If there are too many results, then each row in one table is matching multiple rows in the other. This is actually quite common with gazetteers, as there are likely to be duplicate points with the same, or very similar, place names in many datasets. This is especially true of very high resolution gazetteers which might have many neighbourhoods within a town individually located, but it is the ‘town’ column that you might want to match against. To guard against stray duplicates like this, you can use database functions to ensure only a single result is returned from your gazetteer. If you encounter this problem you should first create a query which uses the minimum
or maximum
functions (called sum functions in Access) on the ID field of your gazetteer, together with the group by
function on the name field of your gazetteer, to isolate only a single occurence of each place name. You can then treat this as a subquery and add it to your existing query and join the now unique ID field to the existing gazetteer field using an Inner Join
to ensure only one occurrence of each place name is matched.
Postscript: Geocoding Modern Addresses
If you have data which contains present-day addresses (such as postal addresses using contemporary street names, post or ZIP codes, or higher-level descriptions such as town or county names that follow modern conventions) then geocoding is very easy, using online tools or tools that use online APIs. Remember that online geocoding is unlikely to work if any of these elements of an address are not consistent with the present day.
Major online mapping providers such as Google, Bing, and OpenStreetMap all offer API (Application Programming Interface) connections to their highly sophisticated geocoding tools. These are the same tools that power the map search features of these websites, so are very effective at making ‘best guess’ decisions on ambiguous or incomplete addresses. It is worth noting that when accessed via an API, rather than their normal website, it will be necessary to provide country names as part of the address.
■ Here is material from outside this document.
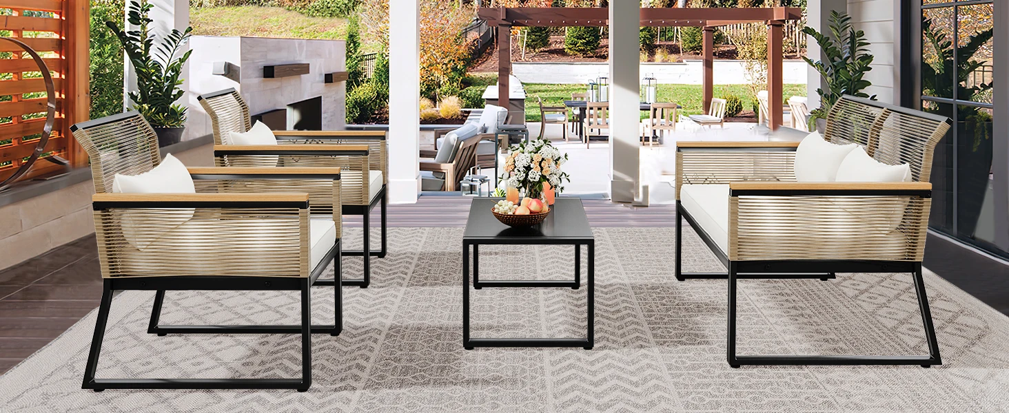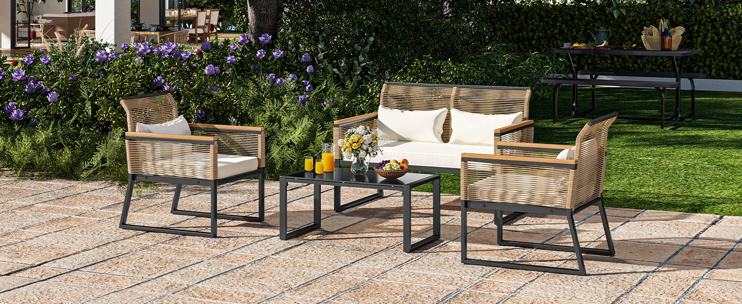 - MODULAR PATIO SETS: The woven rattan sofa stands out with mixed colored armrests - natural wood and black materials harmonize with rattan design; A stylish set of table and loveseat chairs to bring richness to your living room, porch, courtyard, and poolside

- Google provides two web based tools that allow direct use of their geocoding tools as well as their cartography: Google My Maps and Google Fusion Tables. Both allow the upload of spreadsheets containing address columns, which are automatically geocoded.
-
Within QGIS these APIs are available to geocode data via a number of dedicated plugins. Currently (February 2017) the most popular and well supported of these is MMQGIS.
- Install MMQGIS using the ‘Manage and Install Plugins’ tool
- Once installed, a new MMQGIS menu appears in the menu bar.
Geocoding
is one of the menu options within this, andGeoCode CSV using Google Maps / Open Street Map
within that. - The
GeoCode CSV using Google Maps / Open Street Map
dialog allows you to load a data table from a CSV file and specify the columns that contain (street) address, city, state and country. These are then processed using the selected online service. Successful results are created as points in a new layer (in the specified shapefile). Rows from the table that are not matched are listed in a new CSV file that is also created.